На крови — все как по маслу пройдет.
Стухла челядь. Сиволапый за морду резаную схватился, сквозь пальцы — кровушка пробрызгивает.
Убирает нож Погода, сплевывает на поверженного, подмигивает челяди:
— Ют! А морда-то в крови!
Это — слова известные. Их завсегда наши говорят. Сложилось так.

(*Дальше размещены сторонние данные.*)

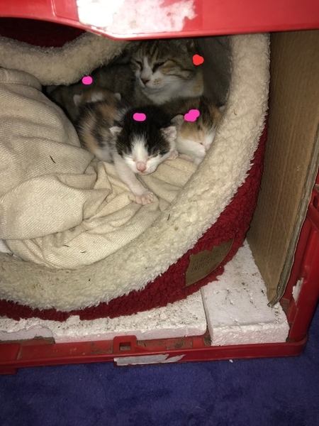 | 里親募集する理由 | 野良猫が家の庭で仔猫を 産んでしまいました。 私のうちは他に保護した猫が いるため飼えないので募集 いたしました。 まだ産まれて1週間から 2週間程度で3匹います。 引き渡しは仔猫が離乳食を 食べれる様になったらなど 様子をみてからと考えております! 写真はこんなような 柄ですとの事ですので 実物は写真を撮ったら載せます! 性別もまだオスかメスか わかりません。 大事にして頂ける方、 よろしくお願いします。 |

Теперь пора точку ставить. Поднимаю дубину:
— На колени, сиволапые!
В такие мгновенья все сразу видно. Ой, как видно хорошо человека русского! Лица, лица оторопевшей челяди. Простые русские лица. Люблю я смотреть на них в такие мгновенья, в момент истины. Сейчас они — зеркало. В котором отражаемся мы. И солнышко зимнее.
Слава Богу, не замутнилось зеркало сие, не потемнело от времени.
Падает челядь на колени.
Наши расслабились, зашевелились. И сразу — звонок Бати: следит из своего терема в Москве:
— Молодцом!
— Служим России, Батя! Что с домом?
— На слом.
На слом? Вот это внове… Обычно усадьбу давленую берегли для своих. И прежняя челядь оставалась под новым хозяином. Как у меня. Переглядываемся. Батя белозубо усмехается:
— Чего задумались? Приказ: чистое место.
— Сделаем, Батя!
Ага. Чистое место. Это значит — красный петух. Давненько такого не было. Но — приказ есть приказ. Его не обсуждают. Командую челяди:
— Каждый по мешку барахла может взять! Две минуты даем!
Те уже поняли, что дом пропал. Подхватились, побежали, рассыпались по своим закутам, хватать нажитое да заодно — что под руку подвернется. А наши на дом поглядывают: решетки, двери кованые, стены красного кирпича. Основательность во всем. Хорошая кладка, ровная. Шторы на окнах задернуты, да не плотно: поглядывают в щели быстрые глаза. Тепло домашнее там, за решетками, прощальное тепло, затаившееся, трепещущее смертельным трепетом. Ох, и сладко проникать в сей уют, сладко выковыривать оттудова тот трепет прощальный!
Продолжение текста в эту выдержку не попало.